À medida que os discursos e as promessas se tornam ineficazes e alguns candidatos disparam, os potenciais perdedores apelam e apelam feio. Nesse compasso “factóides” são criados, a imprensa alinhada amplifica e “levanta a bola” para as eventuais vítimas – que são candidatos mal-cotados – chutarem com calculada indignação.

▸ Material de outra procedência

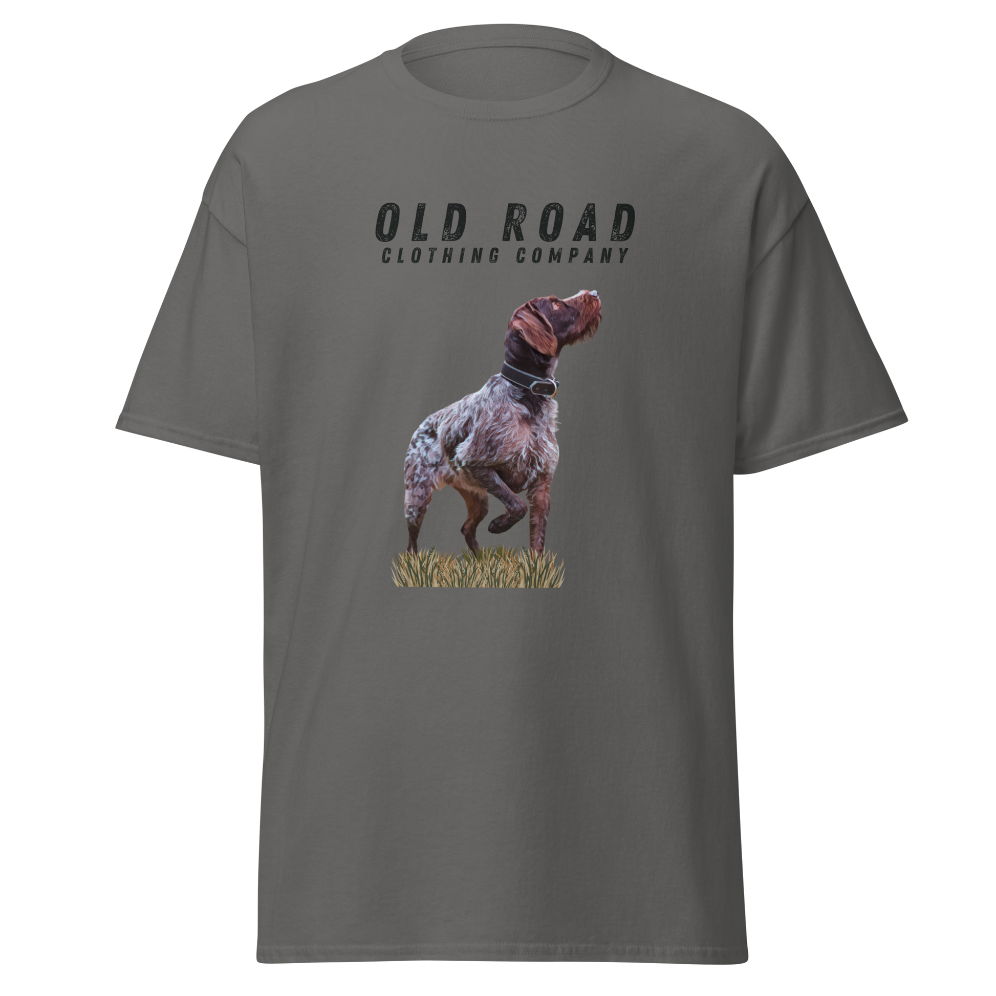 This shirt is unisex fit, please review size chart, consider sizing up. **FRONT ONLY** This shirt has a German Wirehaired Pointer pointing on the front and our Old Road Clothing Company logo on the front **Unisex Fit- Please review size chart before purchasing as we do not accept returns. If there is an issue with our order please reach out to us.

Todo dia surge vazamento de sigilo fiscal, imediatamente associado à campanha eleitoral. A estratégia é empregada quando a discussão de propostas e o debate em torno das ações de governo não surtem efeito. É o que tem feito José Serra nos últimos dias e que deve se intensificar até o início de outubro. Até lá ninguém duvide que surjam acusações de ligações do PT com Bin Laden ou com a máfia italiana.

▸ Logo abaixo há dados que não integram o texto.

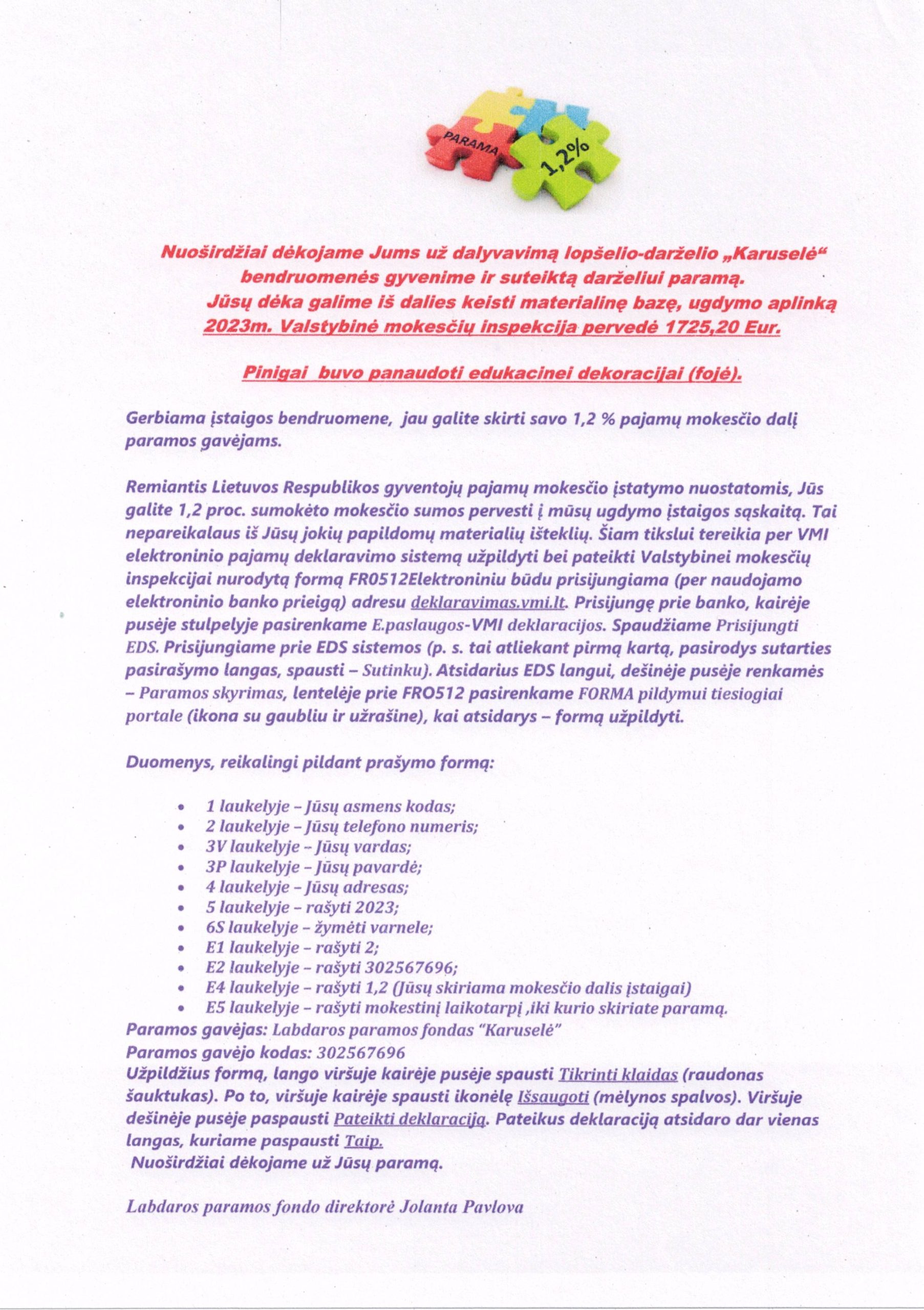 Mokesčio panaudojimo už vaiko ugdymo reikmių tenkinimą

Se Serra enquadrasse seus aliados nos estados, talvez o efeito fosse mais favorável. Pouca gente pede votos para ele na Bahia e até o seu principal aliado no estado – Paulo Souto – deu entrevista recente eximindo o presidente Lula dos problemas de saúde e segurança na Bahia. Noutros tempos, enfiaria todo mundo no mesmo balaio, mas como não pode ficar mal com o eleitorado baiano, preserva-se preservando Lula, mas, por tabela, expondo Zé Serra.
Pai da Criança
Mas não somente isso chama a atenção nas eleições de 2010. No horário eleitoral da Bahia, todo mundo é “pai de alguma criança” – bonita – no cenário político. Tem relator do fundo de combate à pobreza, tem responsável pelo Bolsa Família, tem gente ajudando Lula no Senado e no Congresso – gente que ainda ontem fazia críticas ácidas, diga-se de passagem – e tem gente com propostas brilhantes a serem apresentadas oportunamente.

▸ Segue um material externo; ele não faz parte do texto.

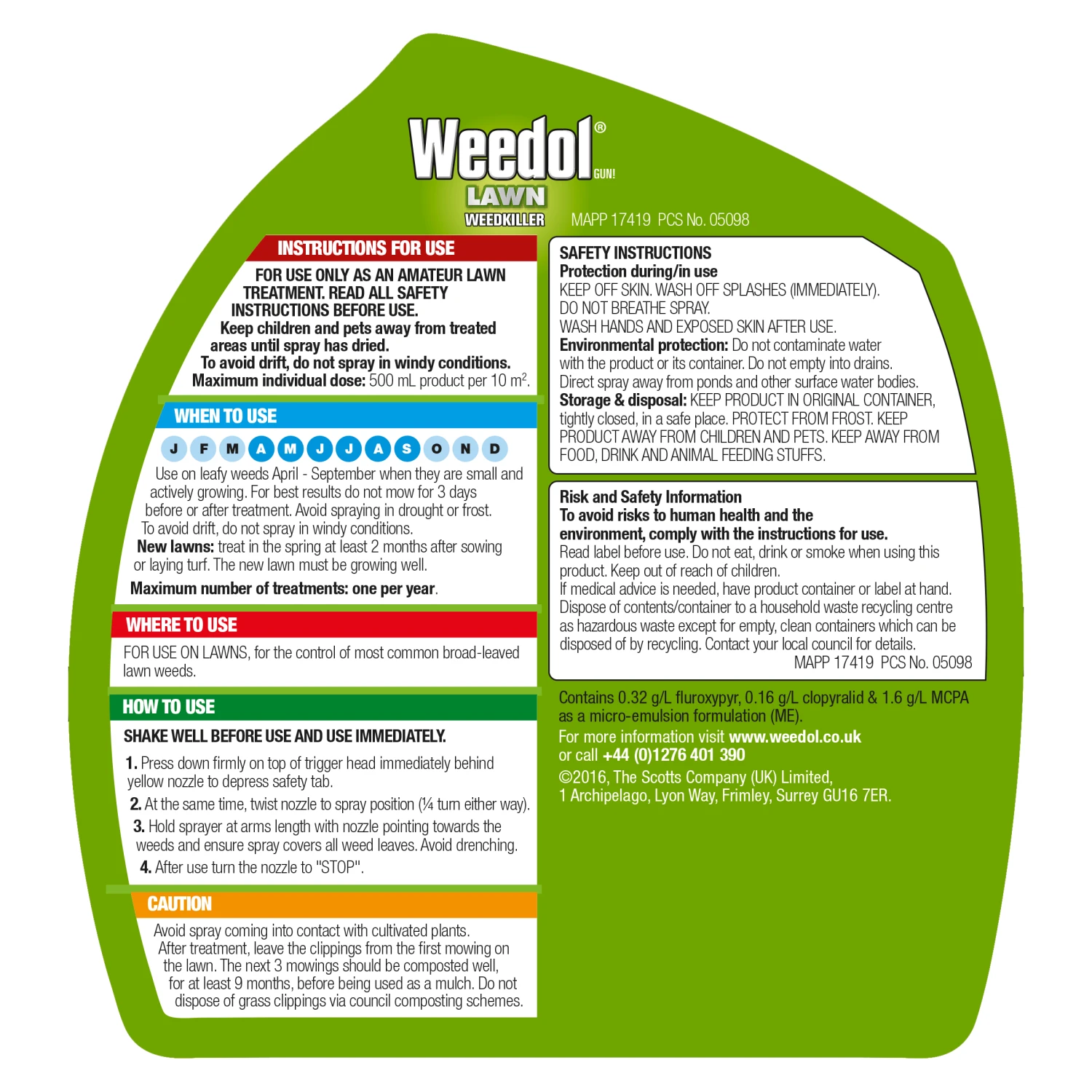 - Pre-diluted ready-to-use selective weedkiller spray for use on lawns

Note-se que todas essas figuras há quatro anos demonizavam o Bolsa-Família classificado como “assistencialista” e “eleitoreiro”. Hoje todo mundo é co-responsável e até Zé Serra – já desesperado – disse que vai dobrar o valor repassado pelo programa. Mais eleitoreiro impossível.
Por enquanto ainda não apareceu ninguém postulando a condição de autor do “ficha-limpa” – já que o projeto foi fruto de iniciativa popular – mas tem relator, como o vice de Zé Serra que usa a condição como chamariz de sua apagada trajetória no Congresso Nacional.
Sem novidades
Essas novidades no miúdo, todavia, não impedem a percepção de que, no atacado, há muito pouca novidade no cenário político. No governo do estado os principais candidatos – Jaques Wagner e Paulo Souto – são os mesmos há três eleições e, a essas alturas, o eleitor já sabe quem fez o quê e o que pode fazer. Geddel Vieira Lima figura mais como uma excentricidade.
Até a baixaria é previsível, assim como o descontentamento do eleitor com essa estratégia, confirmada em incontáveis pesquisas. Quanto mais humilde o eleitor – e, portanto, mais exposto às dificuldades da vida – maior a ojeriza pelo vale-tudo eleitoral. Afinal, enfrentar as mazelas do dia-a-dia e, à noite, se deparar com uma verdadeira guerra na tevê é dose pra leão.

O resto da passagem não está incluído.